Проведав больного отца и изрядно объевшись домашней еды (мама кормила сыночку как на убой), спустя пять дней в назначенный час я стоял в казарме. Вокруг все суетились, что-то делали, носились из угла в угол, в общем, обычный вечерний распорядок, к которому я понемногу стал привыкать. Седой стоял в конце казармы и кричал на солдат, завидев меня, он отложил это дело на потом и двинулся навстречу. Подойдя, я сделал все как положено, три строевых шага и полноценный рапорт о прибытии, согласно общевойсковому уставу. Он был весьма удивлен моему появлению, посмотрел на часы, затем на меня и сказал:
А разве ты сегодня должен вернуться?
А я знал, что сегодня. Перед выездом я много раз просматривал выданные отпускные документы, где черным по белому были написаны число и время возвращения, в надежде, что они немного изменятся. Отодвинутся еще на пару дней. Уж слишком быстро они прошли. Но больше всего в тот момент мне хотелось сказать: «А что, не сегодня? Тогда я пойду еще погуляю» Делать этого я, конечно же, не стал. В тот момент у меня не было настроения водить красной тряпкой перед раздраженным быком.

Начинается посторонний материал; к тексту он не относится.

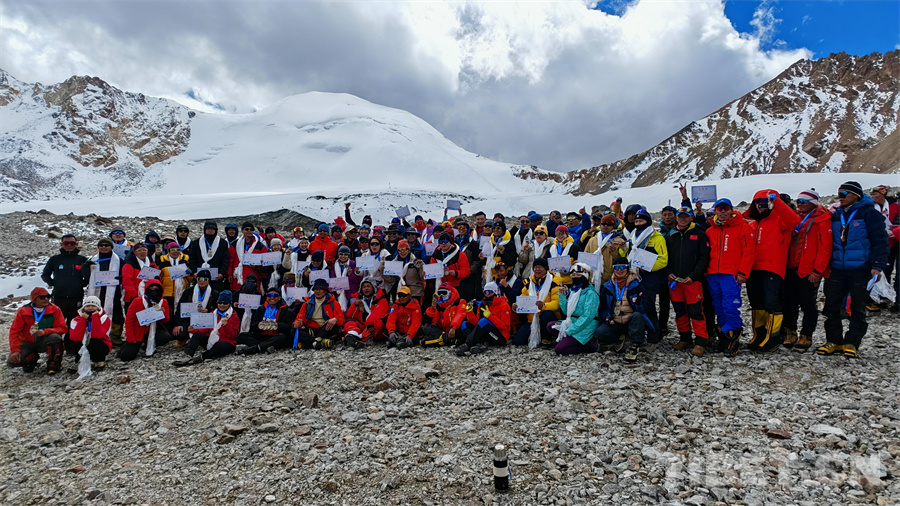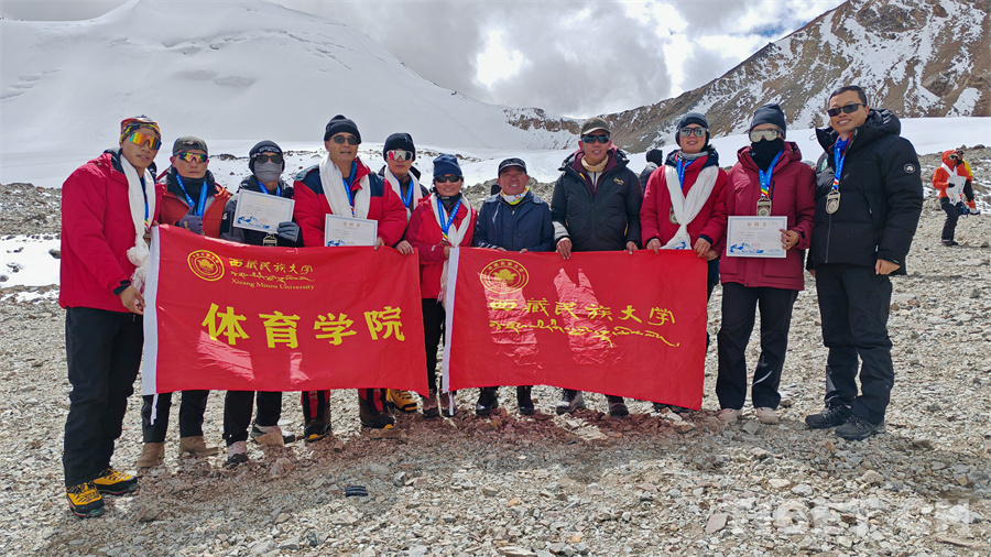 圖為2024第二十一屆中國西藏登山大會西藏民族大學(xué)部分師生登頂洛堆峰后合影留念,左四為楊建軍教授 攝影:馮重霖

Так точно, товарищ капитан, сегодня, ответил я.
Ладно, иди переодевайся (я был одет в гражданскую форму, чтобы лишний раз не привлекать внимание военного патруля при передвижении по городу) и присоединяйся к остальным.
Есть.
Седой отправился обратно докрикивать на солдат то, от чего я его так неожиданно отвлек.
Помощь в оформлении отпуска по болезни отца была единственным человечным поступком капитана за весь срок моей службы. Насколько я помню. Как только у него получалось показать себя с хорошей стороны для нас, он это чувствовал и всеми способами старался отогнать от нас эти мысли прочь, в пучину ненависти.
Каждую пятницу в расположении роты подводили итоги. Недели, дня, любого события Неважно, что происходило, но этот процесс был прописан в распорядке дня, следовательно, был обязателен. Солдаты рассаживались в несколько рядов на любимых табуретках в центральном проходе казармы, перед ними ставили стол, за который садились офицеры что-то подводить, а также выслушивать жалобы и предложения личного состава, если такие имели место быть. Обсуждали прошедшие и предстоящие мероприятия. Косяки, залеты, благодарности По большому счету все это было бесполезной тратой времени, как и многие происходящие здесь вещи. Порой особые темы для диалога не находились, ведь не каждую неделю происходили события, требующие особого внимания. В такие пятницы подведение итогов выглядело как молчаливое массовое сидение на табуретках. Обмен парой фраз и томительная тишина.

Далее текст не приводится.